Wonderful review and pics!! god i love reading stuff like this.
Thank you!


----------



## selfbuilt

AardvarkSagus said:


> Excellent review there Selfbuilt. I've got one in the works as well, but I always love reading your impressions as well. I completely agree that this light is extremely comparable to many of the previous "high" output lights. Great work documenting everything!

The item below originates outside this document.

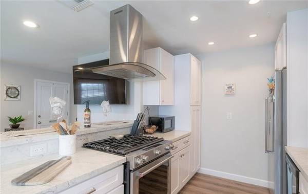 Great beach house! End unit in Surfside with tons of privacy, 1 bedroom/1 bathroom, walk-in closet, with slider that opens to large side yard to enjoy BBQ’s, beautiful sunsets and star gazing. Open concept with upgrades throughout; kitchen has been beautifully remodeled with quartz counter tops, designer backsplash, gas range, modern hood vent, deep stainless-steel sink, and luxury vinyl plank flooring. This home has a 2-car garage with roll-up door and washer/dryer hook-ups with easy access. These units rarely come on the market, walk to the beach, two pools, basketball court, playground, and lots of sidewalks for evening strolls or bike to beach!
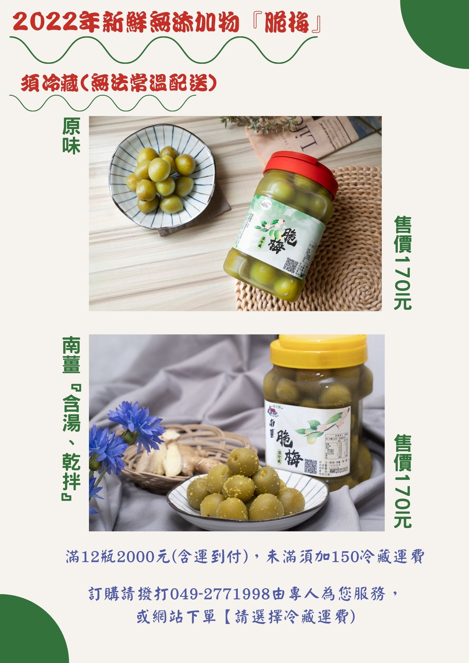 2022年新鮮無添加物﹝脆梅﹞上市『須冷藏』

Thanks - looking forward to seeing your review as well. 



HKJ said:


> You write that the SR90 has a reverse switch, that is not really correct, it has a momentary switch and it is programmed to turn the light on/off when you release it. The momentary switch is required due to the way the UI works. This type of switch will have a small standby drain (It is the same for the battery meter), but the drain is probably insignificant. ...
> The ceiling bounce test of L35 and SR90 does match my ceiling bounce test very closely.


Good info about the switch - I've added an update to that section with your comments. It doesn't feel like a traditional reverse clicky - nice feel, easy to operate. 

And glad to see your ceiling bounce numbers match.  



mpkav said:


> Great review selfbuilt!!! I love my SR90, I'm a police officer so I take her to work with me. It's safe to say everyone is amazed by this light. This light is described as a "search and rescue" light so I decided to stop on a bridge the other night over the White River to see the results. This is a pretty dark area, the river is probably 75 yards wide with a steady current. We have a good amount of people that end up in the river for one reason or another. I took the Sr90 out and started to sweep the banks from the bridge and I was amazed!!!! You can see objects along the banks for a very long distance and the spill gives plenty of light in the water. I think it will be very easy to spot someone in the water with this light!!! I am very happy with it, I just need a pelican case to protect her!!!!!!!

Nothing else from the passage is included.